_Records provided_:
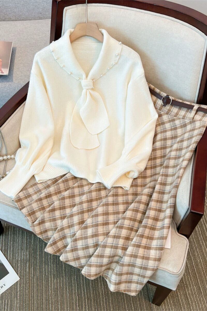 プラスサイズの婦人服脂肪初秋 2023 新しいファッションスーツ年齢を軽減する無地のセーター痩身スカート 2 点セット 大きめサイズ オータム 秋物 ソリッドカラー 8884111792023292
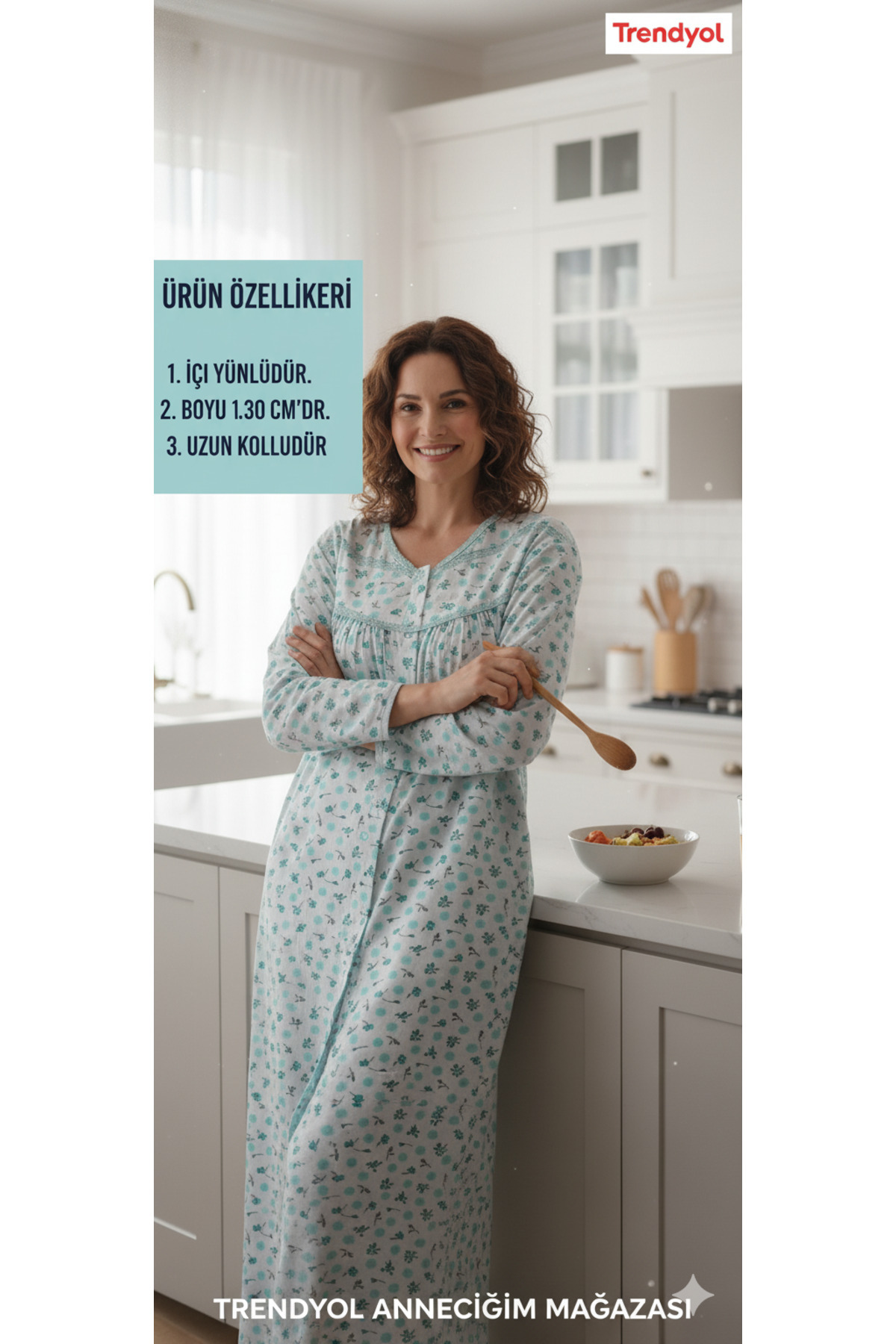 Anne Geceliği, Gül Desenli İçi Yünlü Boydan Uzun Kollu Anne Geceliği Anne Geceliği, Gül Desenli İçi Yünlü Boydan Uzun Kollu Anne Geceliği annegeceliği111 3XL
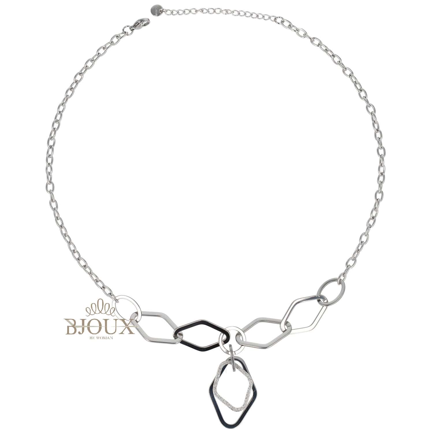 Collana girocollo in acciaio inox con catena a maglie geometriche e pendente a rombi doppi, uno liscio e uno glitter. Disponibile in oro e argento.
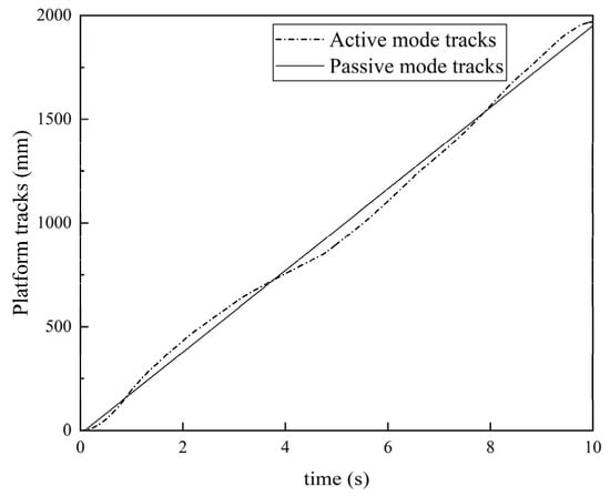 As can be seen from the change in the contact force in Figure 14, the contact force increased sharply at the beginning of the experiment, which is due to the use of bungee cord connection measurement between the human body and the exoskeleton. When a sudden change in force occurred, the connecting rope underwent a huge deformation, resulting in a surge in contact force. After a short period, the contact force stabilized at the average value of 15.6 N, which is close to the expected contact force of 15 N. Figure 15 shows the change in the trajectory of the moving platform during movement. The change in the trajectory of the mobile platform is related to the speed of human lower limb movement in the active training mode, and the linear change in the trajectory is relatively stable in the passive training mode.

==

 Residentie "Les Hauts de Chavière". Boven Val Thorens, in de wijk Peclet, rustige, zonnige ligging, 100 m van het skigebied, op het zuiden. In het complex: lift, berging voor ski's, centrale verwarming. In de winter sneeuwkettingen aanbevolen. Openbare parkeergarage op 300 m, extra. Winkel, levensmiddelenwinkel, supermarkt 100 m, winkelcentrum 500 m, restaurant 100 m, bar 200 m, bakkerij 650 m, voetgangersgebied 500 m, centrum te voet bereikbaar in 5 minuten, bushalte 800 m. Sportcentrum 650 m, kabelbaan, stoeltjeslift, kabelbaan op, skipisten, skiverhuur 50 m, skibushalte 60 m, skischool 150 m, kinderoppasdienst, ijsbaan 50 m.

---

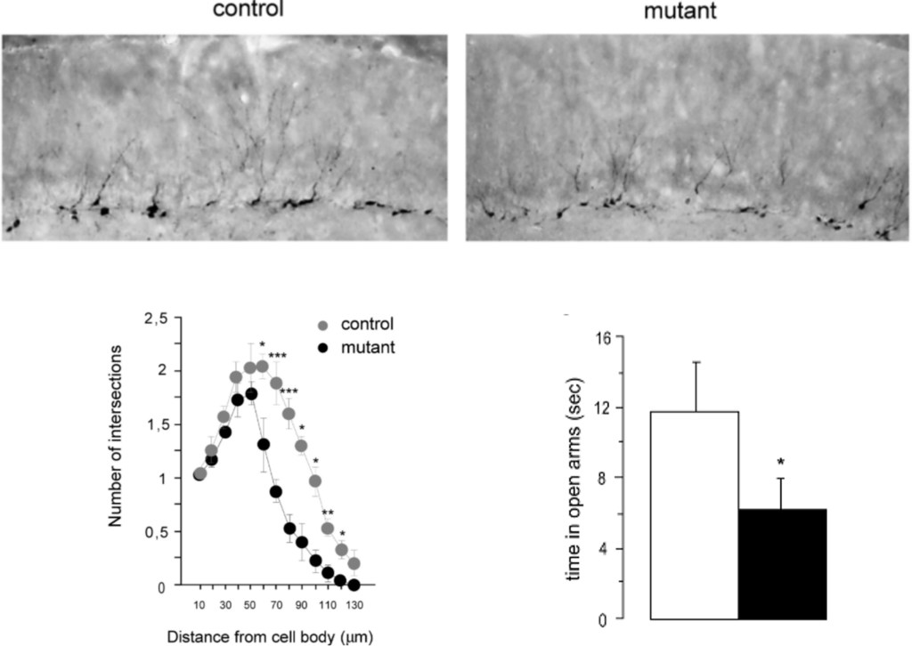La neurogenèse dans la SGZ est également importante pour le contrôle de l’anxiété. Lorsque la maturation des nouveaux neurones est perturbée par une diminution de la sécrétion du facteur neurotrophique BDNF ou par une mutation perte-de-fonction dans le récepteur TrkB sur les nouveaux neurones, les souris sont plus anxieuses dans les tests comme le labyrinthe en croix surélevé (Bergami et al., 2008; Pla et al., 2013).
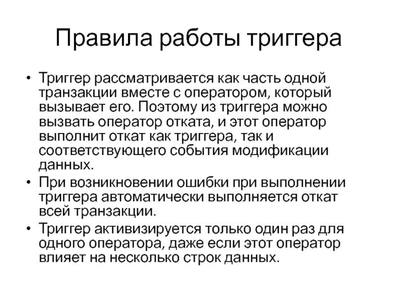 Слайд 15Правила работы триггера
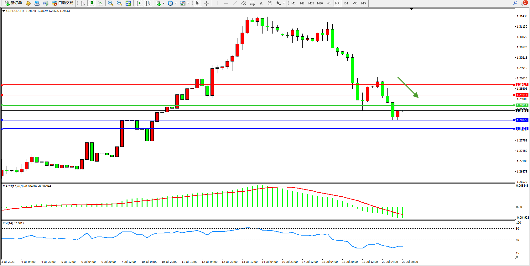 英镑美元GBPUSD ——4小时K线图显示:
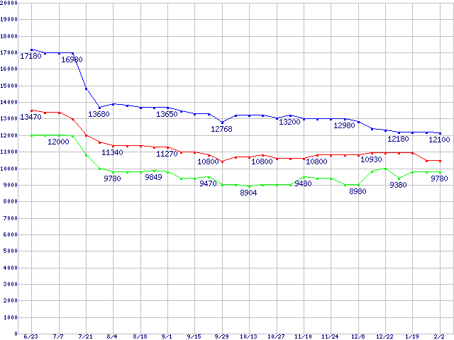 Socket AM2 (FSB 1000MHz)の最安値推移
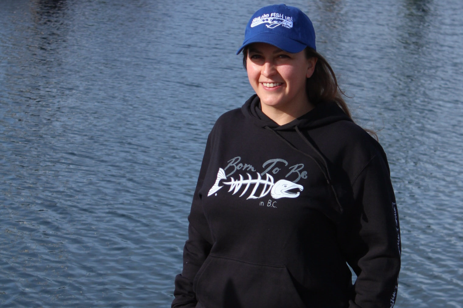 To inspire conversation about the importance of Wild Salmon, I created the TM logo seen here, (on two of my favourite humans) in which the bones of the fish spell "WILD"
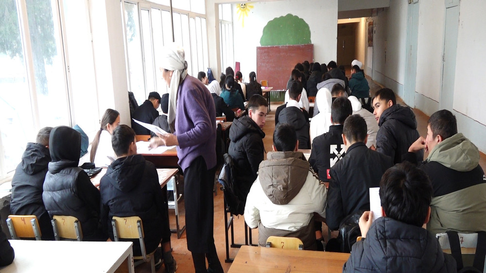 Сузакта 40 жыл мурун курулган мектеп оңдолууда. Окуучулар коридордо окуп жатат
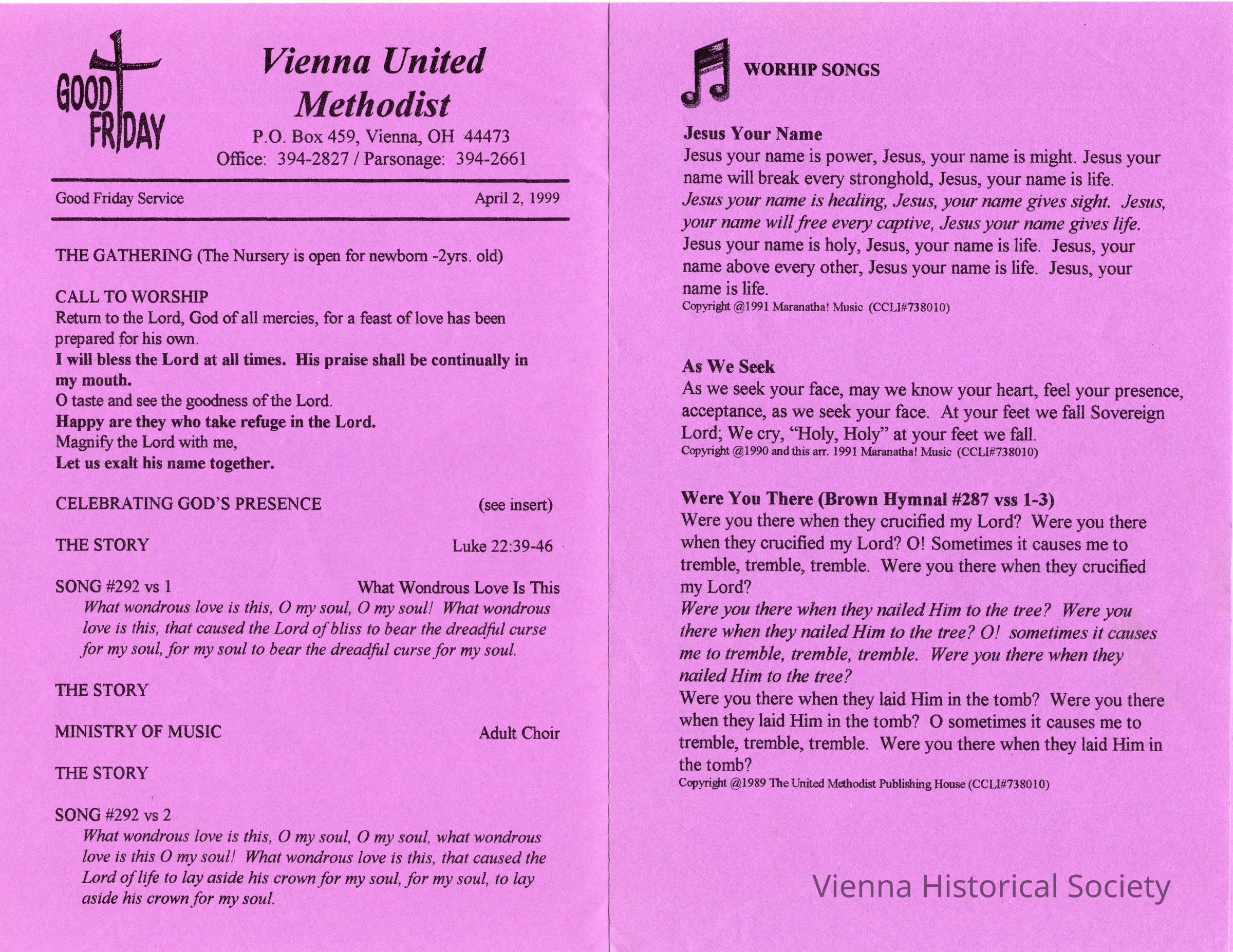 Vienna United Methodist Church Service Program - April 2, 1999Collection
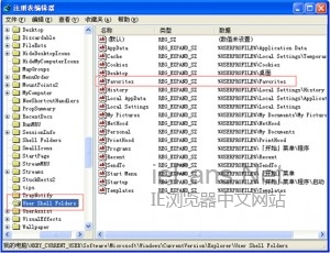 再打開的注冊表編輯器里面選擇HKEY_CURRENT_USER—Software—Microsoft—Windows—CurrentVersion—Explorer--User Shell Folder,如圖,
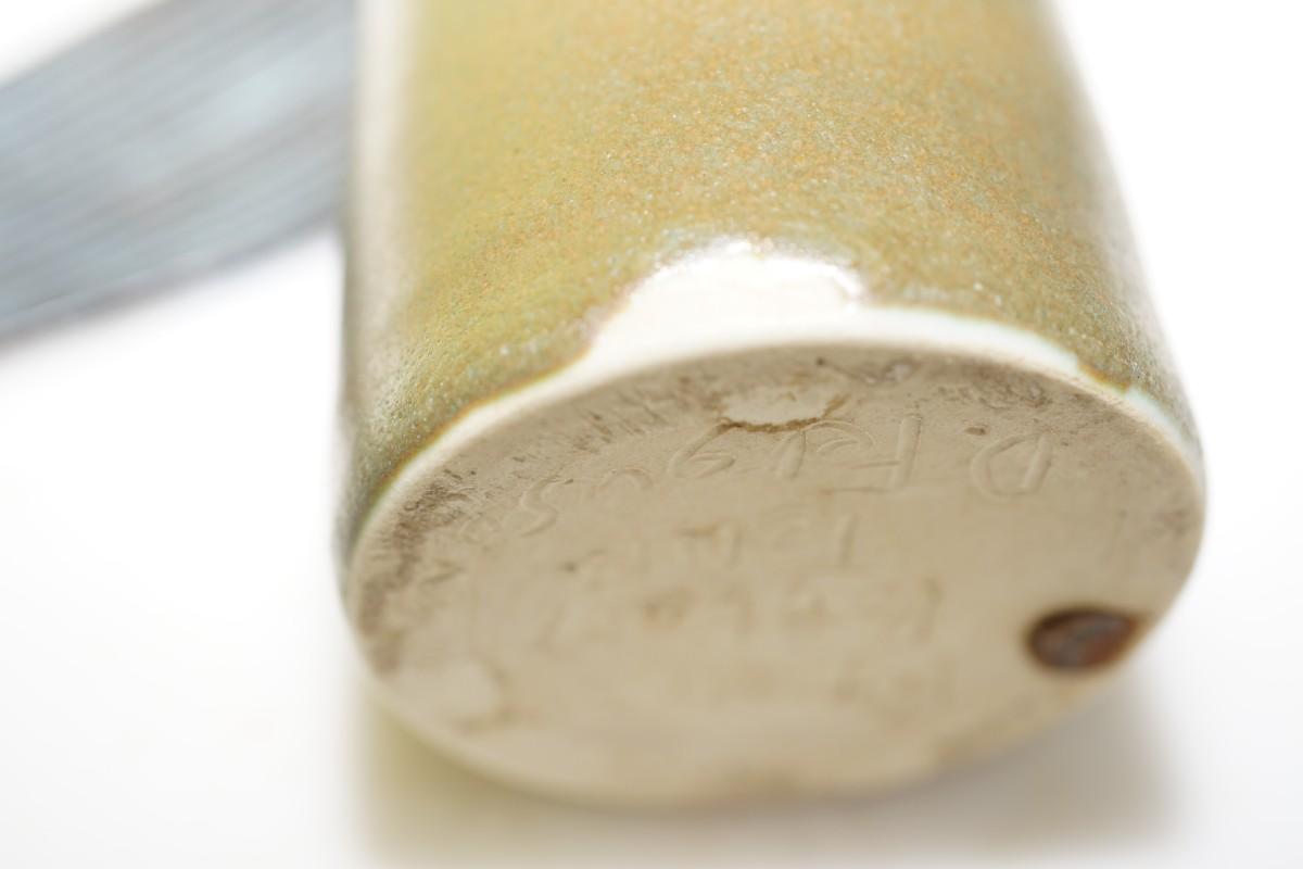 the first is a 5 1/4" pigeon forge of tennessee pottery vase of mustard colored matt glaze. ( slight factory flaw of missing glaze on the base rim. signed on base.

_Exercise_: Using the records above, return word for word the lines that begin at the one containing "To inspire conversation" and end at the one containing "Vienna United Methodist", both of them included and no pictures.

_Output below_:
 To inspire conversation about the importance of Wild Salmon, I created the TM logo seen here, (on two of my favourite humans) in which the bones of the fish spell "WILD"
 Сузакта 40 жыл мурун курулган мектеп оңдолууда. Окуучулар коридордо окуп жатат
 Vienna United Methodist Church Service Program - April 2, 1999Collection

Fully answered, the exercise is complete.